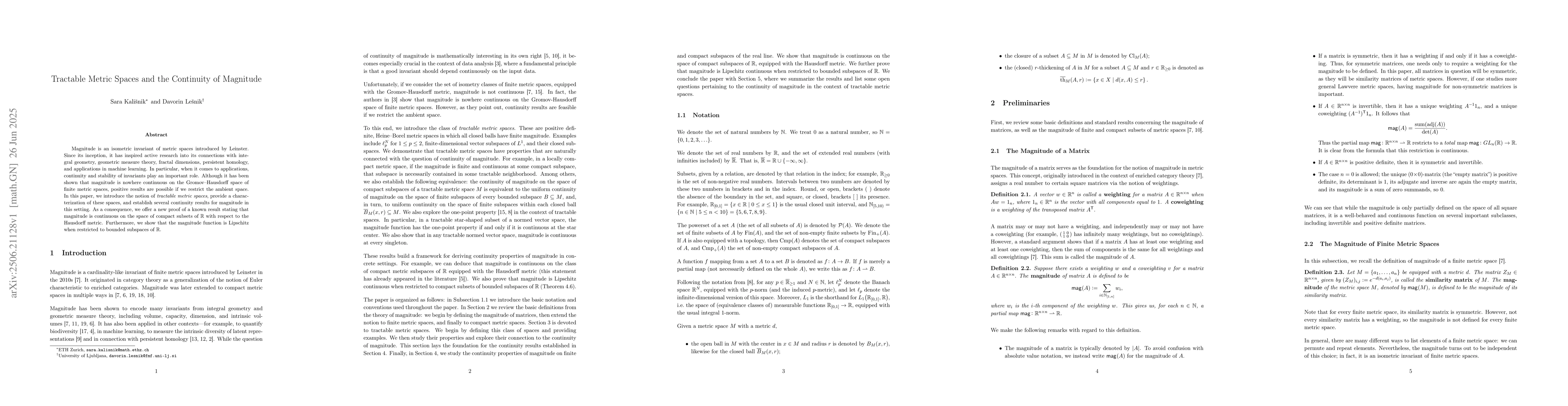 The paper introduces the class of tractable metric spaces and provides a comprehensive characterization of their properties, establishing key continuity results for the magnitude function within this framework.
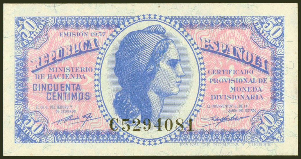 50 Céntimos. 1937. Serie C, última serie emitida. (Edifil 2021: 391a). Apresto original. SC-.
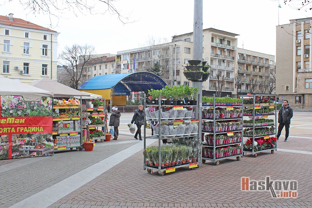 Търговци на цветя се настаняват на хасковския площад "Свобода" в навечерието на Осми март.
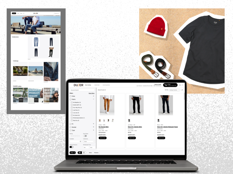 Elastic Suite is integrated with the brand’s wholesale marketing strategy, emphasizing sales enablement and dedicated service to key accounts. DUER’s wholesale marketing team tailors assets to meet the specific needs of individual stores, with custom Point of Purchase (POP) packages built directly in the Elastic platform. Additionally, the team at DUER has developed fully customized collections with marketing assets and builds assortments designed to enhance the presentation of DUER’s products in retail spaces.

-.-.-

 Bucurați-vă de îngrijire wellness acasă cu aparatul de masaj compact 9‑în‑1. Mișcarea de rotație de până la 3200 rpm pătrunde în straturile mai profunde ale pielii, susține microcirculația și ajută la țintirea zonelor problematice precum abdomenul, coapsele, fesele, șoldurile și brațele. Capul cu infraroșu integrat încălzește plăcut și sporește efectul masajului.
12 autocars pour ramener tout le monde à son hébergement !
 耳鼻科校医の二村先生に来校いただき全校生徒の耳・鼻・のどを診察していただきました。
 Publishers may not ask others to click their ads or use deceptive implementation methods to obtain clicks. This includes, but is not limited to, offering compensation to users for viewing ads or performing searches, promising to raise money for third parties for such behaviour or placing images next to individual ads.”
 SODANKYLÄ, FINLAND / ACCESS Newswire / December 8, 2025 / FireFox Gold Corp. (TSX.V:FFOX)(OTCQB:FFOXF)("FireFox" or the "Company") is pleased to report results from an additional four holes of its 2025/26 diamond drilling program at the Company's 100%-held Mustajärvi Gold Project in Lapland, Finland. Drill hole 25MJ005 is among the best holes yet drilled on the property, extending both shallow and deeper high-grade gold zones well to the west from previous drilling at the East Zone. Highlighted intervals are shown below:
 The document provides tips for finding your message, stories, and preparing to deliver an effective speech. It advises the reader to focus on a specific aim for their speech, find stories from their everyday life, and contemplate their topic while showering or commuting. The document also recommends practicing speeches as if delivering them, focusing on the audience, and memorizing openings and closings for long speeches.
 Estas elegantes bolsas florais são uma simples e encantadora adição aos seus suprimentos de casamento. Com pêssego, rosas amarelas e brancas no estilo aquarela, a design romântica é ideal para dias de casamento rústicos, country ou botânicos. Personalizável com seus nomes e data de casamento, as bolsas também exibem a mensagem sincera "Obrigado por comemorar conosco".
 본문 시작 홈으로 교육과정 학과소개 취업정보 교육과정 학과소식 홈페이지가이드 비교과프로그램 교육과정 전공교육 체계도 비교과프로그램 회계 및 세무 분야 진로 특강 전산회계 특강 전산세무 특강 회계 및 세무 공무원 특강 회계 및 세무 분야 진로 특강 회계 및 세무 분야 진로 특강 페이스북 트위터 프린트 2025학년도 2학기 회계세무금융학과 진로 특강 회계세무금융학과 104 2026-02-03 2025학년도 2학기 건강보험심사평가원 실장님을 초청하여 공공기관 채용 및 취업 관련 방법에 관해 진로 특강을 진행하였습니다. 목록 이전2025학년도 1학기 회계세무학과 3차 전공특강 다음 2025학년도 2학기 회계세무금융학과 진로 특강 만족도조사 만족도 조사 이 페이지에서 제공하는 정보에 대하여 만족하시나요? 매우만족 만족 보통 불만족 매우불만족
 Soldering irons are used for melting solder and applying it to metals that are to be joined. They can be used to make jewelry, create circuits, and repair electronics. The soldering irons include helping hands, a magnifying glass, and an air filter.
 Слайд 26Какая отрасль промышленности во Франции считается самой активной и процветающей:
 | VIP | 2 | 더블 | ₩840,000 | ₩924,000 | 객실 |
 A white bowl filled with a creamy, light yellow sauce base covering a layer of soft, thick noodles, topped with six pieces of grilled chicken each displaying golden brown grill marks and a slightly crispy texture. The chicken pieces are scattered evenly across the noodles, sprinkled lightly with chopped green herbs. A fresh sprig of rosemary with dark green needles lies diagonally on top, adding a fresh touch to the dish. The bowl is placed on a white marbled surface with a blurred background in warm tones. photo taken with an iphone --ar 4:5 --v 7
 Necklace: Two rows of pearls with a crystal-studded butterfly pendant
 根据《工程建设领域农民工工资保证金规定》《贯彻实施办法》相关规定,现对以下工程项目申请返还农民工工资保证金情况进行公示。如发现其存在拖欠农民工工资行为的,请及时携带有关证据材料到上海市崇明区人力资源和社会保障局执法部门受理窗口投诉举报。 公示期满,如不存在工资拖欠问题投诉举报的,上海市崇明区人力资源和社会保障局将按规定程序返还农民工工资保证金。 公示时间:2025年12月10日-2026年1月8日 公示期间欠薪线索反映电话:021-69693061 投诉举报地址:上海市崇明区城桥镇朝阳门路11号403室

-.-.-

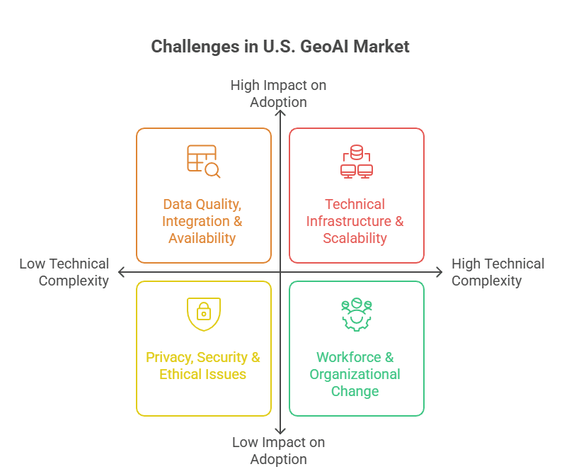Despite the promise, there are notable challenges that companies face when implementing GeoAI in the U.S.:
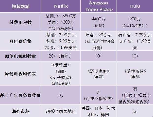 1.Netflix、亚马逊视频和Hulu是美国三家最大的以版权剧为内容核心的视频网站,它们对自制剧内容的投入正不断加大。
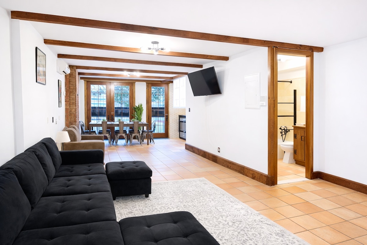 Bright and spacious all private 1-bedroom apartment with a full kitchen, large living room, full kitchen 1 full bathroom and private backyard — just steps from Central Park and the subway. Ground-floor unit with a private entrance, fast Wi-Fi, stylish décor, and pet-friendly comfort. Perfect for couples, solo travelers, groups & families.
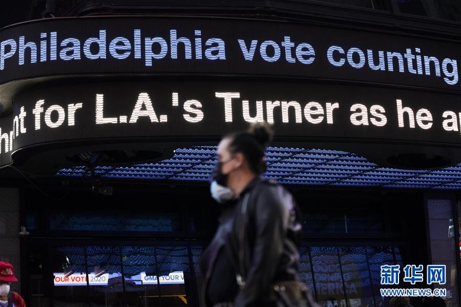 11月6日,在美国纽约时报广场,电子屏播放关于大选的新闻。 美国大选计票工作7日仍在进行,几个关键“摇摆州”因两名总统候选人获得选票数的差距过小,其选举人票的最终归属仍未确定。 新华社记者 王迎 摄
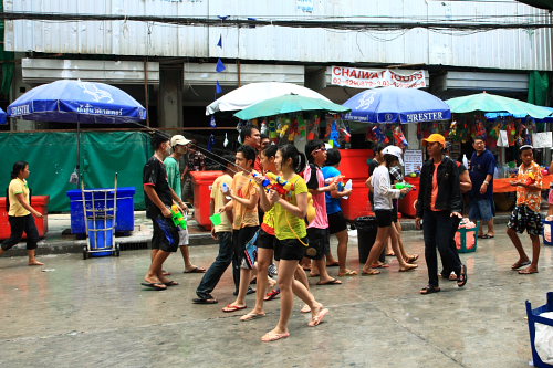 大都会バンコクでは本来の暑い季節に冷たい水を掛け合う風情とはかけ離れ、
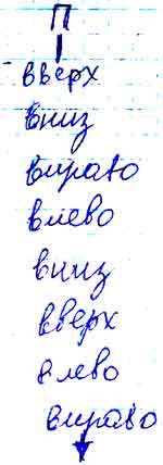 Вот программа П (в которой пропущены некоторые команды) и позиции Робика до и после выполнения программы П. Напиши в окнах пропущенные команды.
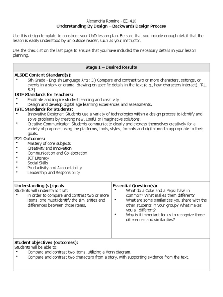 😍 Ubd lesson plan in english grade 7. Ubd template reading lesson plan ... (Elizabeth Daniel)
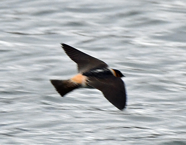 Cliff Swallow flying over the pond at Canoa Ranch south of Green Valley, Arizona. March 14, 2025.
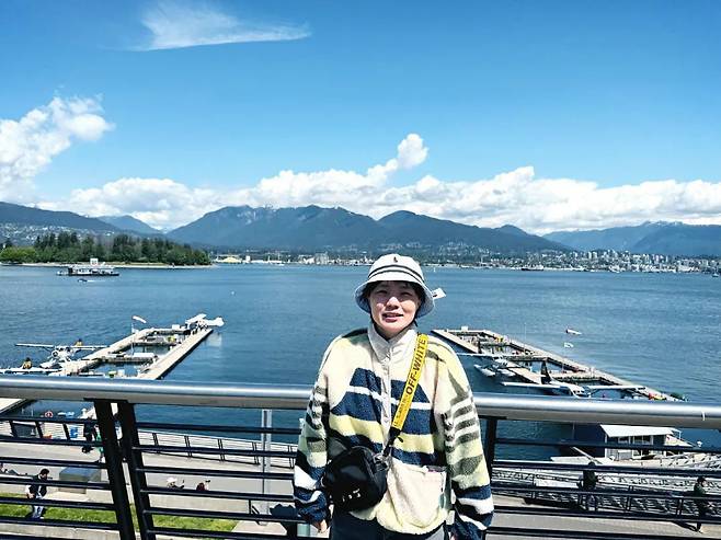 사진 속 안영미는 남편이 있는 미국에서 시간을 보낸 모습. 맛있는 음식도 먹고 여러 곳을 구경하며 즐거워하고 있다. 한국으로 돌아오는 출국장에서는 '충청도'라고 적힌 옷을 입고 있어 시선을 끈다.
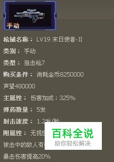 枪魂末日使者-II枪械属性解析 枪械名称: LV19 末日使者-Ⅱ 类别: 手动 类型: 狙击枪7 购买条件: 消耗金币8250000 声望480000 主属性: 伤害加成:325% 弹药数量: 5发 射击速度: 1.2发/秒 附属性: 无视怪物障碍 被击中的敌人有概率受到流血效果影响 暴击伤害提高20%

-.-.-

• _Goal of the exercise_: Transcribe only the lines above that start at the line containing "Вот программа П" and end at the line containing "枪魂末日使者-II枪械属性解析 枪械名称: LV19". Omit pictures.

• _Output for this exercise_:
 Вот программа П (в которой пропущены некоторые команды) и позиции Робика до и после выполнения программы П. Напиши в окнах пропущенные команды.
 😍 Ubd lesson plan in english grade 7. Ubd template reading lesson plan ... (Elizabeth Daniel)
 Cliff Swallow flying over the pond at Canoa Ranch south of Green Valley, Arizona. March 14, 2025.
 사진 속 안영미는 남편이 있는 미국에서 시간을 보낸 모습. 맛있는 음식도 먹고 여러 곳을 구경하며 즐거워하고 있다. 한국으로 돌아오는 출국장에서는 '충청도'라고 적힌 옷을 입고 있어 시선을 끈다.
 枪魂末日使者-II枪械属性解析 枪械名称: LV19 末日使者-Ⅱ 类别: 手动 类型: 狙击枪7 购买条件: 消耗金币8250000 声望480000 主属性: 伤害加成:325% 弹药数量: 5发 射击速度: 1.2发/秒 附属性: 无视怪物障碍 被击中的敌人有概率受到流血效果影响 暴击伤害提高20%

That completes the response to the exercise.